After undergoing a surgery she resumed her political activities and began to raise
concerns about the mistreatment of political prisoners in Pakistan at the behest
of Zia regime. The intensified pressure forced Zia into holding a referendum to
give certain legitimacy to his government. The referendum held on 1 December 1984
proved a farce and due to only ten percent voter turnout despite use of state machinery.
Further pressure from the international community forced Zia into holding elections,
for a unicameral legislature on a non-party basis. The PPP thus announced a boycott
of the election on the grounds that they were not being held in accordance with
the constitution of Pakistan. She continued to raise voice against human rights
violations by the regime and addressed the European Parliament in Strasbourg in
1985,
“When the conscience of the world is justly aroused against apartheid and against
human rights violations …. then that conscience ought not to close its eyes to the
murder by military courts which takes place in a country which receives …. aid from
the West itself.” The speech was responded by the Zia regime with announcement of
death sentences of 54 PPP workers in a military court in Lahore".
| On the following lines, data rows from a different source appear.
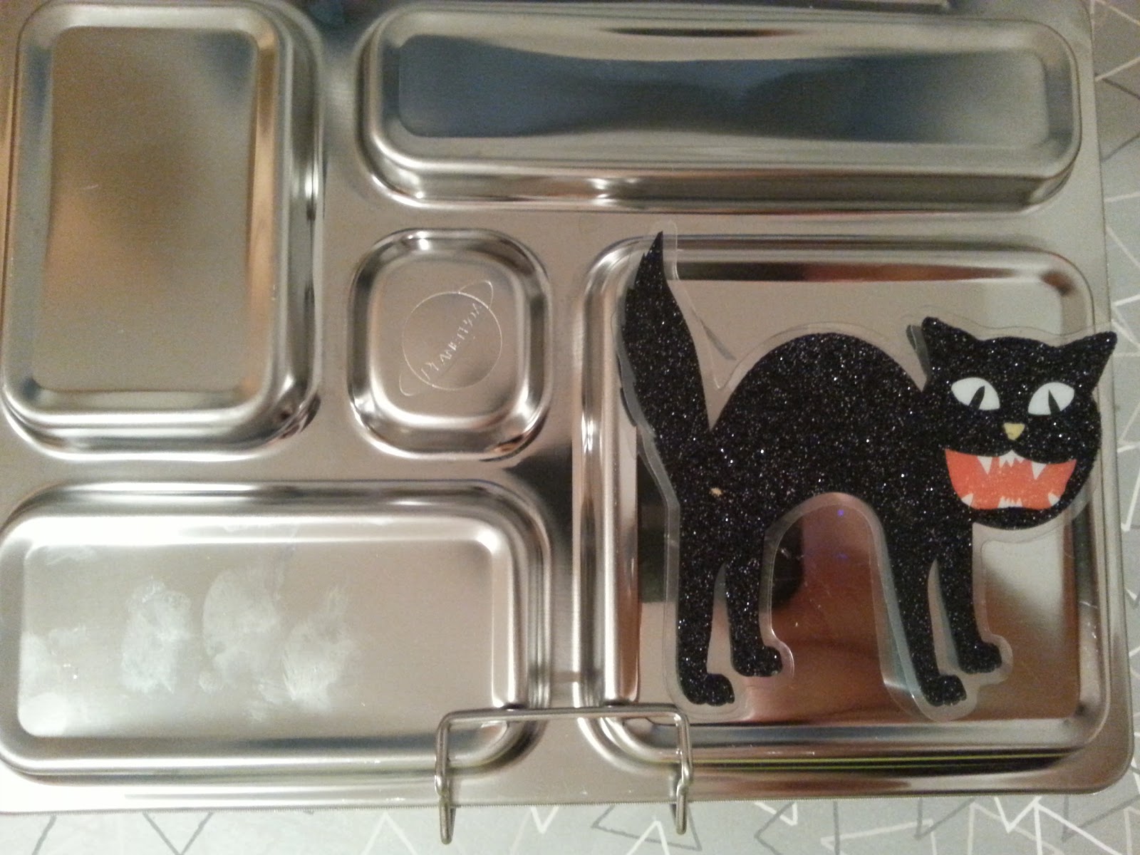 For fun, I added a die cut black cat to my Planetbox and a witch to my husband’s. And I included a cute witch napkin in each of the three lunches.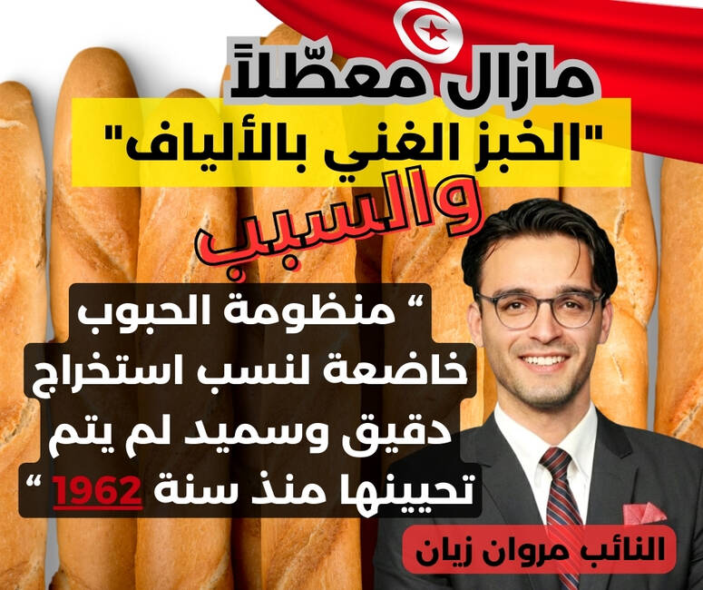 وخلال جلسة عامة انعقدت يوم 27 فيفري 2026 بحضور وزير الفلاحة والموارد المائية والصيد البحري، أكد النائب أن الإشكال “لا يتعلق فقط بنوعية الخبز، بل بقرار استراتيجي يمكن أن يوفر للدولة التونسية شهراً كاملاً من مخزون القمح كل سنة”.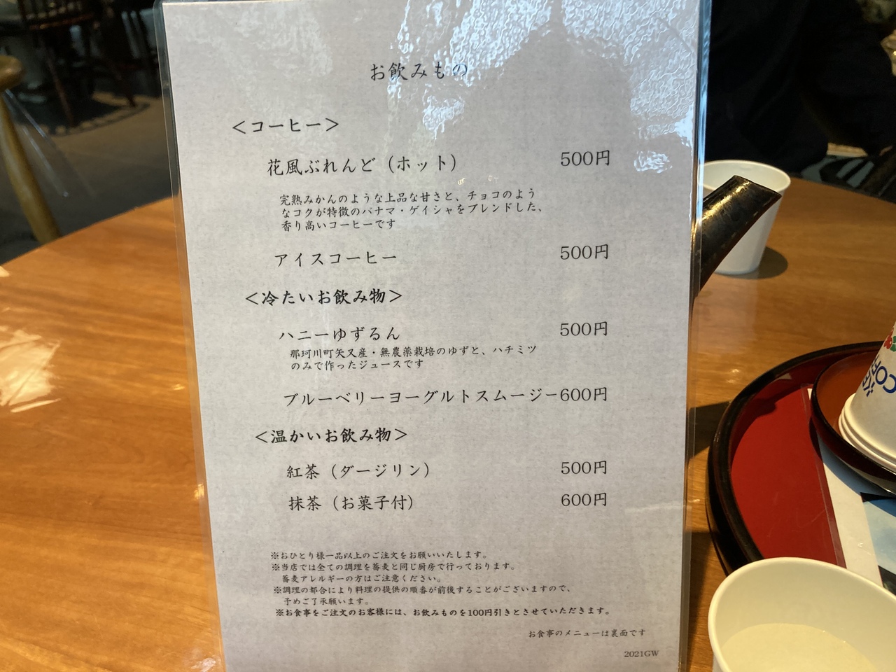 訪れた時は先客が一組だけでしたが、食事をしている最中にぽつりぽつりと増え、レストランを出る時はテーブル席がほぼ埋まっていました。とはいえ、コロナ禍で使えるテーブルを限定しており、安心して食事ができました。

Bhutto, who had returned to Pakistan after completing her studies, found herself
placed under house arrest in the wake of her father’s imprisonment and subsequent
execution. Having been allowed in 1984 to return to the United Kingdom, she became
a leader in exile of the PPP, her father’s party, though she was unable to make
her political presence felt in Pakistan until after the death of General Muhammad
Zia-ul-Haq. She had succeeded her mother as leader of the PPP and the pro-democracy
opposition to the Zia-ul-Haq regime.
The seat from which Benazir contested for the post of Prime Minister, was the same
one from which her father had previously contested, namely, NA 207. This seat was
first contested in 1926 by the late Sardar Wahid Bux Bhutto, in the first ever elections
in Sindh. The elections were for the Central Legislative Assembly of India. Sardar
Wahid Bux won, and became not only the first elected representative from Sindh to
a democratically elected parliament, but also the youngest member of the Central
Legislative Assembly, aged 27. Wahid Bux’s achievement was monumental as it was
he who was the first Bhutto elected to a government, from a seat which would, thereafter
always be contested by his family members. Therefore, it was he who provided the
breakthrough and a start to this cycle. Sardar Wahid Bux went on to be elected to
the Bombay Council as well. After Wahid Bux’s untimely and mysterious death at the
age of 33, his younger brother Nawab Nabi Bux Bhutto contested from the same seat
and remained undefeated until retirement. It was he who then gave this seat to Zulfikar
Ali Bhutto to contest.
On 16 November 1988, in the first open election in more than a decade, Bhutto’s
PPP won the largest bloc of seats in the National Assembly. Bhutto was sworn in
as Prime Minister of a coalition government on December 2, becoming at age 35 the
youngest person—and the first woman—to head the government of a Muslim-majority
state in modern times. In 1989, Benazir was awarded the Prize For Freedom by the
Liberal International. Bhutto’s accomplishments during this time were in initiatives
for nationalist reform and modernization that some conservatives characterized as
Westernization.
Bhutto’s government was dismissed in 1990 following charges of corruption, for which
she was never tried. Zia’s protégé Nawaz Sharif came to power after the October
1990 elections. She served as leader of the opposition while Sharif served as Prime
Minister for the next three years.
In October 1993 elections were held again and her PPP coalition was victorious,
returning Bhutto to office and allowing her to continue her reform initiatives.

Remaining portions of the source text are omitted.